2025-12-31 15:42:30 +08:00
parent 5baf812ed3
commit 2b6dd49a59
233 changed files with 20236 additions and 178 deletions
--- a/edge_tts_client.py
+++ b/edge_tts_client.py
@@ -0,0 +1,202 @@
+# edge_tts_client.py
+# -*- coding: utf-8 -*-
+"""
+EdgeTTS 流式语音合成客户端 - Day 21
+
+特点：
+- 完全免费
+- 流式输出（边合成边播放）
+- 低延迟
+"""
+
+import os
+import asyncio
+import edge_tts
+from typing import AsyncGenerator, Optional
+
+# 默认语音
+DEFAULT_VOICE = os.getenv("EDGE_TTS_VOICE", "zh-CN-XiaoxiaoNeural")
+
+# 语速调整 ("+0%", "+10%", "-10%" 等)
+DEFAULT_RATE = os.getenv("EDGE_TTS_RATE", "+0%")
+
+# 音量调整
+DEFAULT_VOLUME = os.getenv("EDGE_TTS_VOLUME", "+0%")
+
+
+async def text_to_speech_stream(
+    text: str,
+    voice: str = DEFAULT_VOICE,
+    rate: str = DEFAULT_RATE,
+    volume: str = DEFAULT_VOLUME,
+) -> AsyncGenerator[bytes, None]:
+    """
+    流式文本转语音
+    
+    Args:
+        text: 要合成的文本
+        voice: 语音名称
+        rate: 语速
+        volume: 音量
+    
+    Yields:
+        MP3 音频数据块
+    """
+    if not text or not text.strip():
+        return
+    
+    try:
+        communicate = edge_tts.Communicate(
+            text=text,
+            voice=voice,
+            rate=rate,
+            volume=volume,
+        )
+        
+        async for chunk in communicate.stream():
+            if chunk["type"] == "audio":
+                yield chunk["data"]
+                
+    except Exception as e:
+        print(f"[EdgeTTS] 合成失败: {e}")
+
+
+async def text_to_speech(
+    text: str,
+    voice: str = DEFAULT_VOICE,
+    rate: str = DEFAULT_RATE,
+    volume: str = DEFAULT_VOLUME,
+) -> bytes:
+    """
+    完整文本转语音（返回完整音频）
+    
+    Args:
+        text: 要合成的文本
+        voice: 语音名称
+        rate: 语速
+        volume: 音量
+    
+    Returns:
+        MP3 音频数据
+    """
+    audio_chunks = []
+    async for chunk in text_to_speech_stream(text, voice, rate, volume):
+        audio_chunks.append(chunk)
+    return b"".join(audio_chunks)
+
+
+async def text_to_speech_pcm(
+    text: str,
+    voice: str = DEFAULT_VOICE,
+    rate: str = DEFAULT_RATE,
+    target_sample_rate: int = 16000,
+) -> bytes:
+    """
+    文本转 PCM16 音频（用于直接播放）
+    
+    Args:
+        text: 要合成的文本
+        voice: 语音名称
+        rate: 语速
+        target_sample_rate: 目标采样率
+    
+    Returns:
+        PCM16 音频数据
+    """
+    import io
+    from pydub import AudioSegment
+    
+    # 获取 MP3 数据
+    mp3_data = await text_to_speech(text, voice, rate)
+    
+    if not mp3_data:
+        return b""
+    
+    try:
+        # MP3 -> PCM 转换
+        audio = AudioSegment.from_mp3(io.BytesIO(mp3_data))
+        
+        # 设置采样率和通道
+        audio = audio.set_frame_rate(target_sample_rate)
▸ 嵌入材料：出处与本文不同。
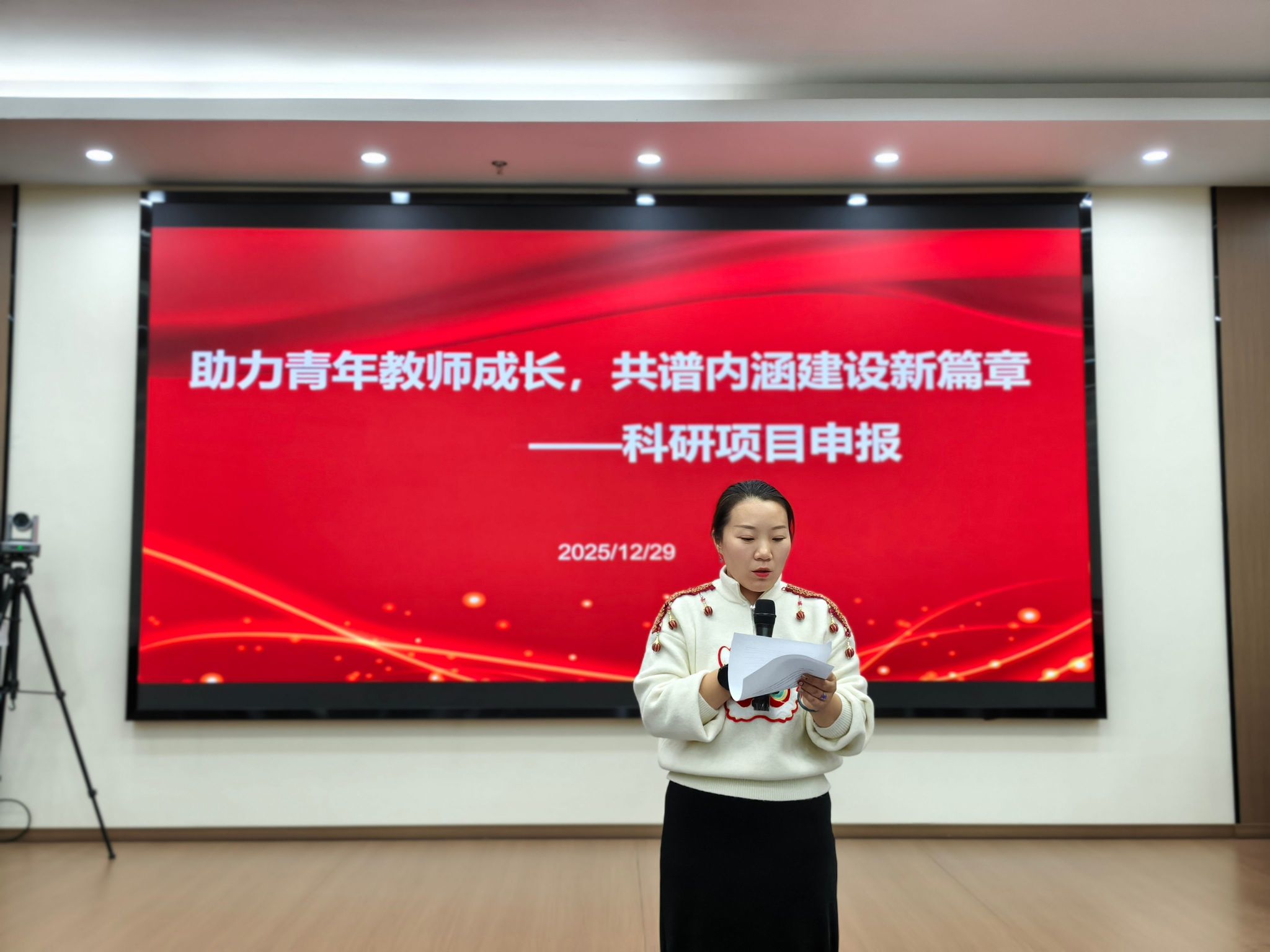 为切实助力青年教师提升科研项目申报能力,夯实学校内涵建设根基,推动高水平应用型大学建设迈向新台阶,12 月 29 日下午 14:30,网络空间安全学院在图书馆第一会议室成功举办 “助力青年教师成长,共谱内涵建设新篇章 —— 科研项目申报” 专题讲座。本次讲座由教学副院长张波主持,学院教授、控制理论与控制工程学科博士张冬雯主讲,全校青年教师及科研骨干积极参与。

+        audio = audio.set_channels(1)  # 单声道
+        audio = audio.set_sample_width(2)  # 16-bit
+        
+        return audio.raw_data
+        
+    except Exception as e:
+        print(f"[EdgeTTS] PCM 转换失败: {e}")
+        return b""
+
+
+async def text_to_speech_pcm_stream(
+    text: str,
+    voice: str = DEFAULT_VOICE,
+    rate: str = DEFAULT_RATE,
+    target_sample_rate: int = 16000,
+) -> AsyncGenerator[bytes, None]:
+    """
+    流式文本转 PCM16 音频
+    
+    注意：由于需要解码 MP3，这里采用分段合成的方式
+    每遇到标点符号就合成一段
+    
+    Args:
+        text: 要合成的文本
+        voice: 语音名称
+        rate: 语速
+        target_sample_rate: 目标采样率
+    
+    Yields:
+        PCM16 音频数据块
+    """
+    import io
+    from pydub import AudioSegment
+    
+    # 按标点分割文本
+    punctuation = "。，！？；：,.!?;:"
+    segments = []
+    current = ""
+    
+    for char in text:
+        current += char
+        if char in punctuation:
+            segments.append(current.strip())
+            current = ""
+    
+    if current.strip():
+        segments.append(current.strip())
+    
+    # 逐段合成
+    for segment in segments:
+        if not segment:
+            continue
+            
+        try:
+            mp3_data = await text_to_speech(segment, voice, rate)
+            
+            if mp3_data:
+                audio = AudioSegment.from_mp3(io.BytesIO(mp3_data))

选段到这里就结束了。